La chanteuse a expliqué que cette inquiétude dépasse largement le cadre d’une seule affaire médiatique. Selon elle, les violences faites aux femmes et aux enfants constituent un enjeu de société majeur qui mérite une mobilisation permanente. Si certaines avancées ont été réalisées au fil des années, elle considère qu’il reste encore beaucoup de chemin à parcourir pour garantir une meilleure protection des personnes les plus vulnérables.
Olivia Ruiz : « Pourquoi c’est si compliqué chez nous ? »
Au cours de son intervention, Olivia Ruiz a également pris l’exemple de l’Espagne, un pays qu’elle connaît bien et dont elle suit avec attention les évolutions en matière de protection des femmes et des enfants. Selon elle, plusieurs réformes mises en place ces dernières années démontrent qu’il est possible de faire de cette question une véritable priorité politique et sociale.
« Il suffit de regarder juste après la frontière. C’est possible de considérer les besoins sociaux d’un pays et de les faire passer avant des besoins parfois économiques ou autres. Pourquoi ce n’est pas possible chez nous ? », s’est-elle interrogée avec une certaine lassitude. Une réflexion qui traduit son incompréhension face aux différences qu’elle perçoit entre les deux pays.
Pour Olivia Ruiz, ces exemples montrent que des solutions existent lorsque la volonté politique est au rendez-vous. Elle estime que les mesures de prévention, l’accompagnement des victimes ainsi que la sensibilisation du grand public devraient bénéficier d’une attention encore plus importante afin d’éviter que de nouveaux drames ne surviennent.
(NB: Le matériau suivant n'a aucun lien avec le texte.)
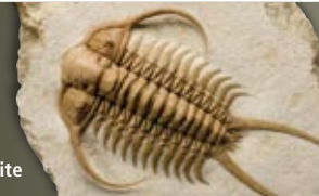
► Fossil trilobite

pounds. From space, Earth's continents two billion years ago might have looked something like Mars, albeit with blue oceans and white clouds providing dramatically colorful contrasts.

Elle a ensuite conclu son intervention par une question qui résume parfaitement son indignation. « Pourquoi des mamans sont-elles obligées de se rassembler tous les lundis comme si elles n’avaient pas déjà des journées surchargées, simplement pour obtenir une réponse à une nécessité absolue ? Chaque jour, des enfants et des femmes meurent. Ça me dépasse. »
À travers ces mots, l’artiste exprime un profond sentiment d’impuissance face à une situation qu’elle juge insupportable. Son témoignage reflète également la lassitude de nombreuses familles et associations qui réclament depuis plusieurs années des réponses plus fortes pour lutter contre les violences.